In spite of this, short interest in discretionary retail is more than double its long-run average.
Overall, S&P/ASX 200 Index companies are heading for earnings per share growth of 13.1 per cent for 2016-17, fuelled by a recovery in resources, and 6.6 per cent for 2017-18. Industrials stocks still managed to eke out 7.8 per cent growth in the past year, according to Morgan Stanley’s analysis of consensus estimates.
The Australian sharemarket is ahead 0.65 per cent year to date, closing at 5702.81 points on Friday.
Big names to report this week include Rio Tinto, Suncorp, Crown Resorts and Tabcorp.
The extent of short positioning in highly regarded names is baffling to some investors. For example, 13.6 per cent of JB Hi-Fi is held short and the stock is down 9 per cent this year.
“We think JB Hi-Fi is a well-run, efficient company,” said long-short manager Tim Carleton from Auscap Asset Management. “They operate in a retail sales environment that is always competitive. As a new competitor, Amazon may well have an impact but we suspect the market’s reaction to the threat has been excessive.”
Brokers have tried to figure out how much damage Amazon will do based on its experience in the US, UK and some parts of Europe. Citigroup expects Amazon to grab 8 per cent of the consumer electronics market within five years of its Australian debut and 11 per cent in 10 years. Long-term earnings forecasts have been downgraded accordingly.
But Merrill Lynch analyst David Errington believes the market has swung too far and the “de-rating” in share prices was not supported by fundamentals. Retailers have been competing against eBay for years.

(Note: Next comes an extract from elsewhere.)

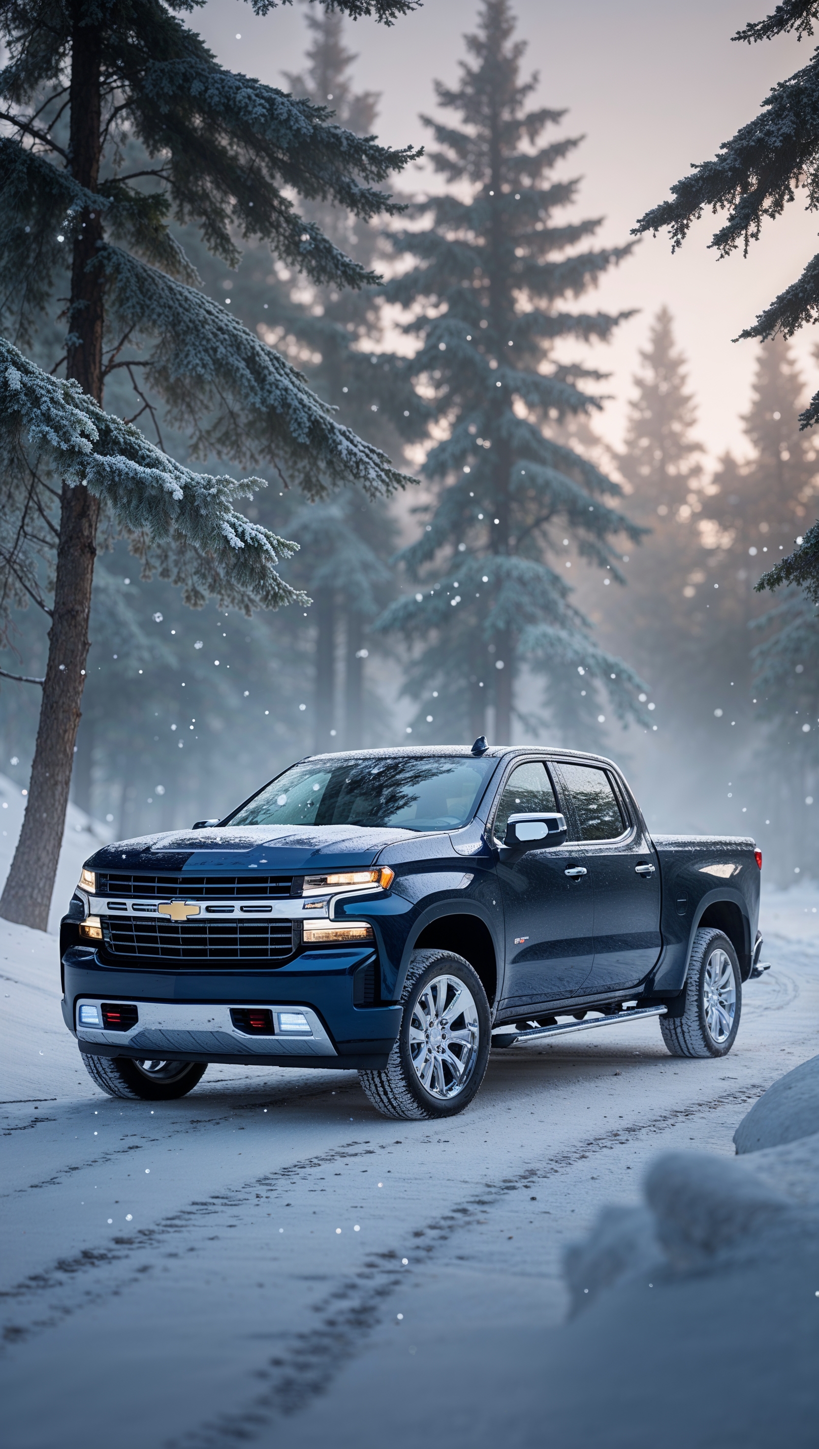 Chevy Silverado in a snowy forest, peaceful winter landscape, iPhone wallpaper 1664x2944 Chevy Silverado in a snowy forest, peaceful winter landscape, iPhone wallpaper

History is on the side of the longs. For the past seven years, the top 10 per cent of shorted stocks have outperformed the market 80 per cent of the time by an average of 2 per cent, Deutsche Bank equity strategist Tim Baker concluded in a report last week. But this is largely a trading strategy because outperformance fades quickly and is eroded within two months.

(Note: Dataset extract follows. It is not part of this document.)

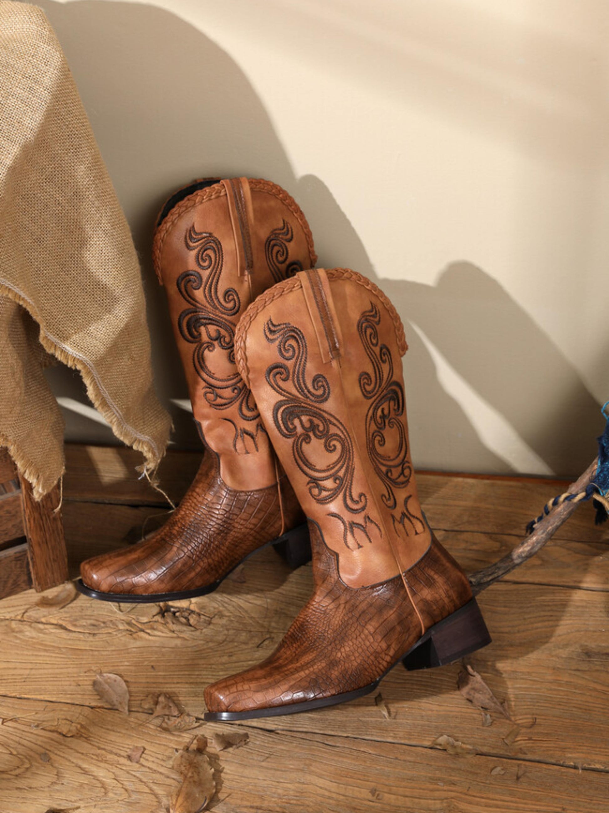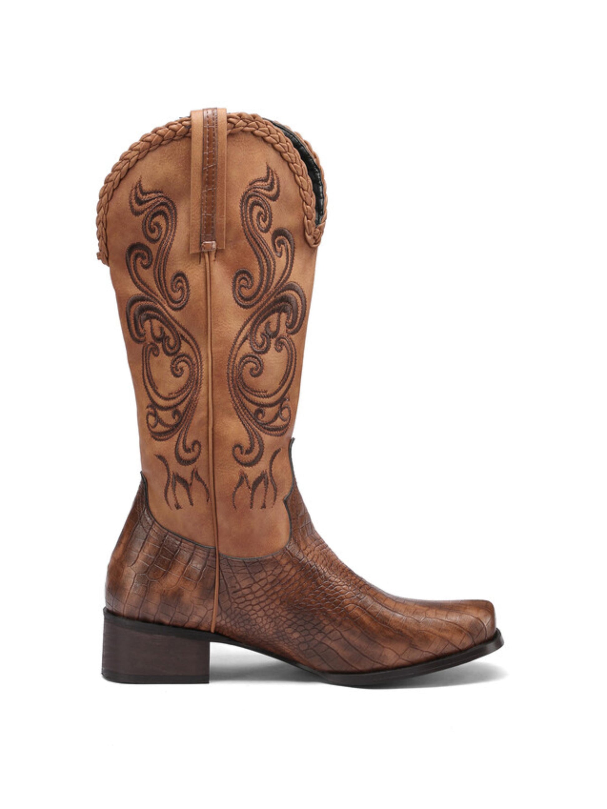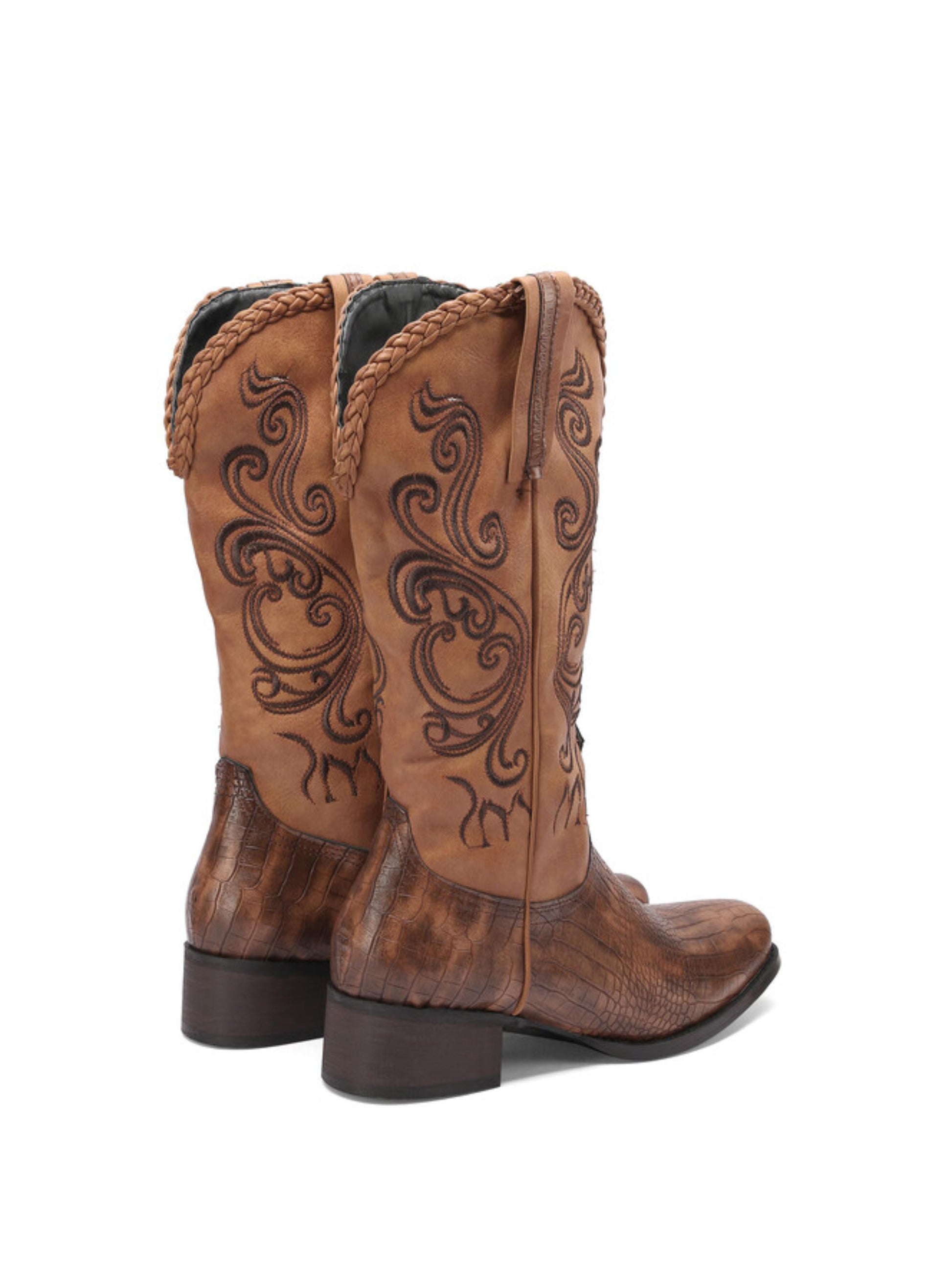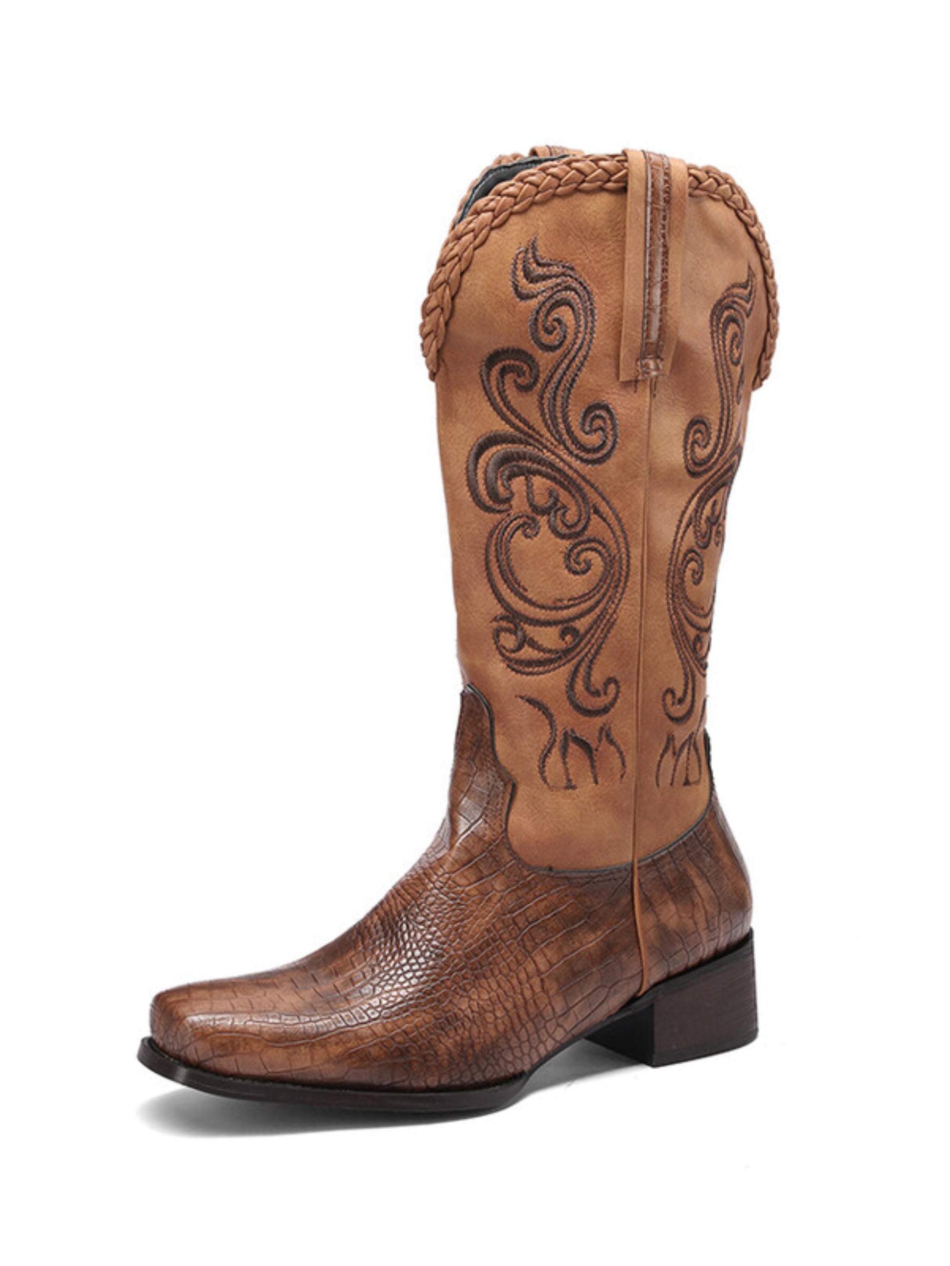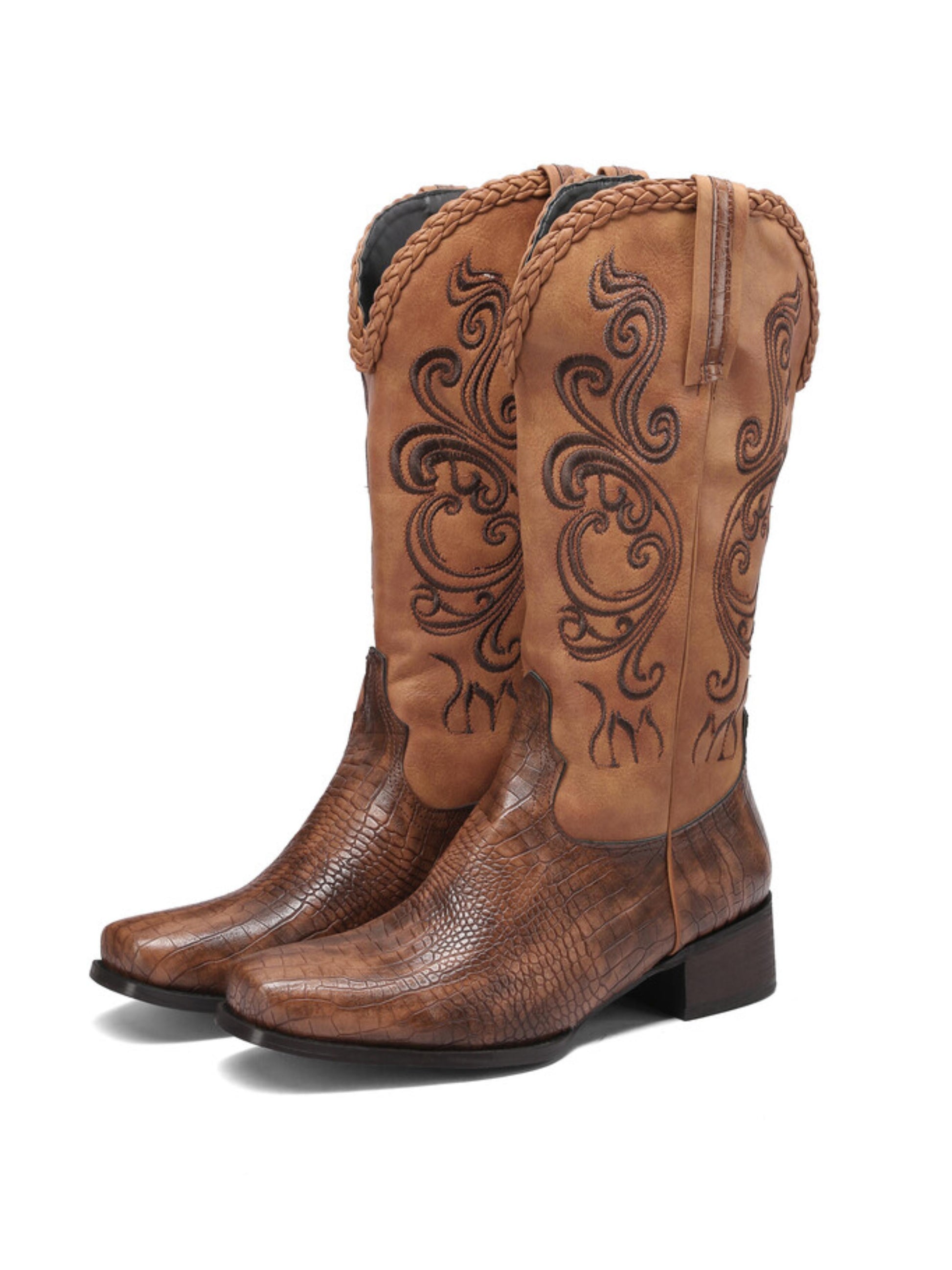 Brown cowgirl boots featuring lizard pattern embossed faux leather, square toe design, decorative embroidery, and mid calf height. Exotic textured western boots perfect for country fashion, rodeos, and statement wear, combining authentic cowgirl styling with luxurious embossed finish and intricate embroidered details.

Fund manager Romano Sala Tenna from Katana Asset Management observes that hedge funds tend to be able to hold on longer than anyone realises.

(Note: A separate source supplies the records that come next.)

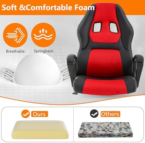 Lumbar Support for Enhanced Comfort:Experience exceptional comfort during long gaming sessions with the built-in lumbar support of this gaming chair. This office chair promotes proper spinal alignment, reducing back strain and fatigue. Say goodbye to discomfort and focus on your game with enhanced support.
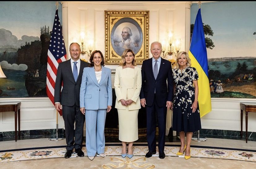 Esta imagen de la visita de Olena Zelenska, primera dama de Ucrania, a EEUU, posando junto al presidente Biden y esposa, así como junto a la vicepresidenta Harris y esposo, deja bastante información a ojos de la comunicación no verbal.
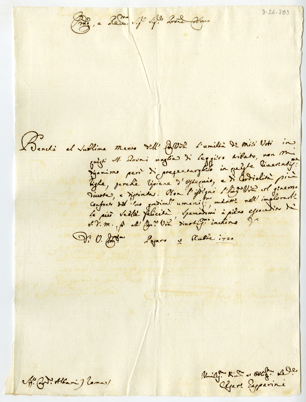 Lettera di Cesare Gasparini al cardinale Annibale Albani (1720 dicembre 5)
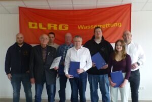 Peter Gömmer (65 Jahre Mitgliedschaft, Ehrenmitglied), Tobias Schmidt (25 Jahre), Ernst Biehl (50 Jahre), Raphael Schlich (25 Jahre), Mariska Neumann (10 Jahre) sowie der Vorsitzende der DLRG Gießen Kai Happel (Verdienstzeichen Bronze).
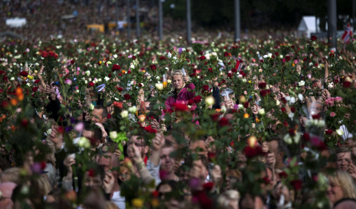 | ▲ 노르웨이에서 발생한 연쇄테러 희생자들을 기리기 위해 현지시각 25일 노르웨이 수도 오슬로 시청 밖에서 사람들이 장미를 들고 행진하고 있다. ⓒAP=연합뉴스 |

“Some of these shorts might be found wanting but the short sellers seem to have a fairly high risk tolerance and a propensity to hold positions. To date they haven’t blinked,” he said.
“In a range-bound market the short sellers are still pretty comfortable. If we head into a market with a genuine breakout, then that gets more interesting.
“Metcash for example, if they’re on 20-something times it’s one thing, but if you’re on 12-times earnings compared to your peer group there’s a miscalculation there, especially given that they are number two now in hardware,” Mr Sala Tenna said. About 12 per cent of Metcash is held short, and the stock has advanced 14 per cent this year.
The Katana investor disagrees that more volatility, as the old adage suggests, is a gift for long-only managers.
“In theory it’s good because the bigger the dislocation the greater the opportunity, but in reality misplaced volatility’s not good for anyone.”
The retailers are heavily targeted but the biggest shorts, according to ASIC’s data, remain Orocobre at 19 per cent, Western Areas at 18 per cent, and Syrah Resources at 17.8 per cent. Nickel stocks, including Western Areas and Independence Group, have been suffered from on-again, off-again offshore production restrictions. Mr Birtles argues nickel “is one of the most undervalued commodities”.
Amazon shares hit a record high in the US last week where its results showed another quarter of booming sales and heavy reinvestment.